SUPPLIED MATERIAL –
|---|

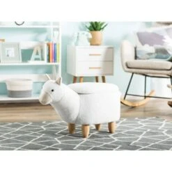 Sgabello Bambini Forma Alpaca Poliestere Bianco Imbottito Gambe Legno Alpaca
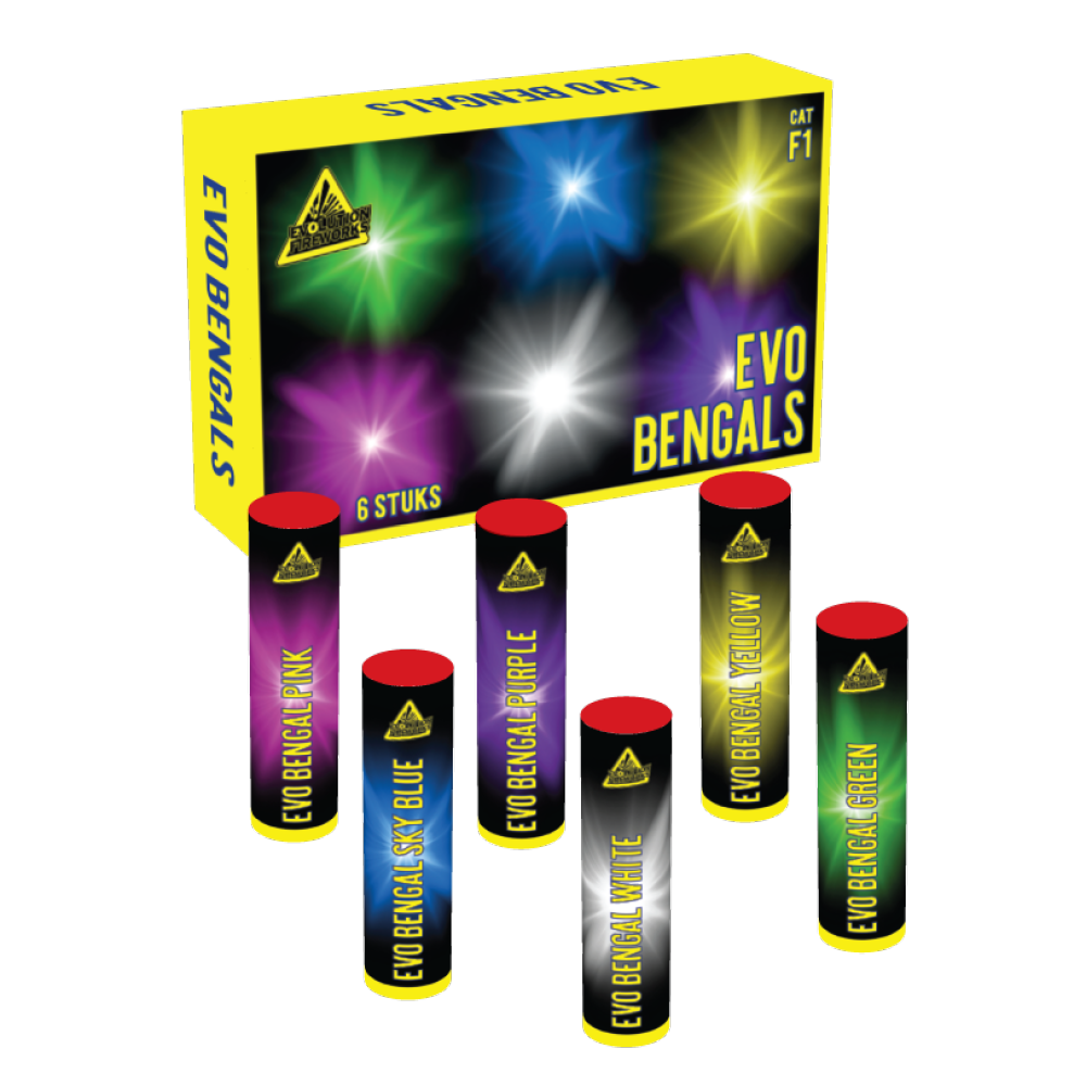 Doosje met 6 stuks EVO Bengals. Prachtige kleine Bengaalse lichten/fonteinen in de kleuren roze, blauw, paars, wit, geel en groen.
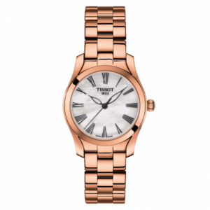 The Tissot T-Wave reference T112.210.33.113.00 has a stainless steel case of 30.00mm, which houses a caliber movement. The dial of this ladies wristwatch is White mother-of-pearl. Both case and bracelet are PVD-coated in rose gold.
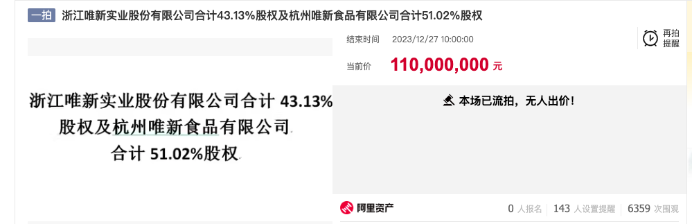 早在2023年,浙江唯新实业合计43.13%股权,及杭州唯新食品有限公司合计51.02%股权也曾被司法拍卖,起拍价1.1亿,最后以流拍告终。据都市快报橙柿互动报道,上述股权的所有人曾牵扯进“温商贷”非吸案。

|---|

Reproduce exactly, with no pictures, the lines above from the one holding "Doosje met 6" to the one holding "The Tissot T-Wave", inclusive.

SOLUTION TO THE EXERCISE –
 Doosje met 6 stuks EVO Bengals. Prachtige kleine Bengaalse lichten/fonteinen in de kleuren roze, blauw, paars, wit, geel en groen.
 The Tissot T-Wave reference T112.210.33.113.00 has a stainless steel case of 30.00mm, which houses a caliber movement. The dial of this ladies wristwatch is White mother-of-pearl. Both case and bracelet are PVD-coated in rose gold.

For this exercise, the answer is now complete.